Let’s lie another problem, which links the pandemic, politics, and of course, liberalism. In the U.S workers don’t have wage insurance, nor social incomes from the State. If people lose their jobs, they can’t have any assured income. Due to the pandemic and its economic consequences, unemployment radically rose, reaching its peak of 14.7% in April. From mid-March to the beginning of May, there was an average of 5 million job losses claims per week. And of course, unemployed citizens couldn’t have another source of income except for market stakes, a very scarce situation for the average American. So if people want to accentuate job insecurity, they can keep on bringing liberalism to the table, but it doesn’t seem to be the solution foreseeing the coming economic crisis that we’ll undergo. 

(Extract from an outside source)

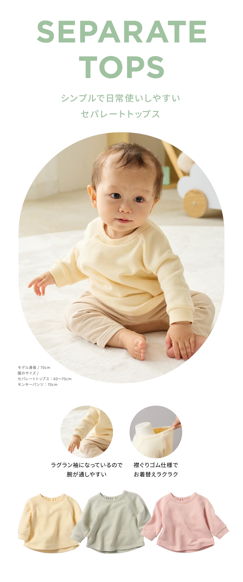 ・組成 本体 綿100% リブ部分 綿95% ポリウレタン5% ・スペック 60-70サイズ 総丈31cm 胸幅30cm 袖丈27.5cm 70-80サイズ 総丈34cm 胸幅31cm 袖丈32cm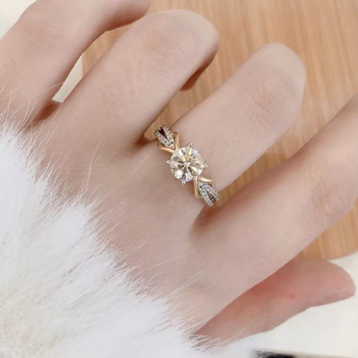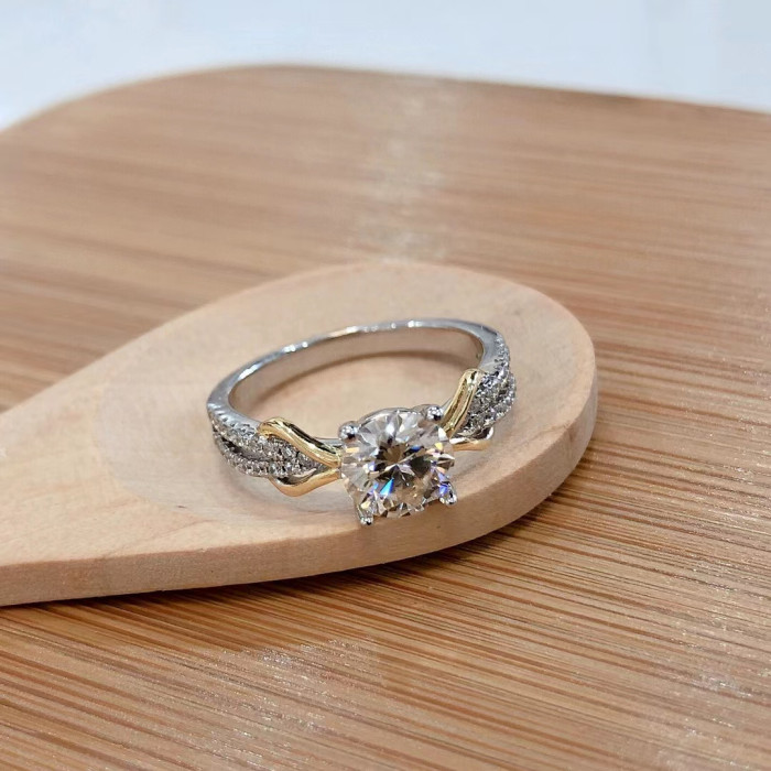莫桑石結緣款女士戒指雙色時尚款s925銀不過敏主石1克拉

Now that we’ve looked at liberalism’s default, you’ll understand that its perverse effects will be even worse with the current situation. A Pandemic and Liberalism don’t make a good couple. Countries are all dependent on each other, none can be 100% self-sufficient, and political systems still promote market supremacy and the absence of regulations. Without regulation, there is no protection. So it’s time to think about how liberalism increased our vulnerability, and how the welfare state could save us from chaos.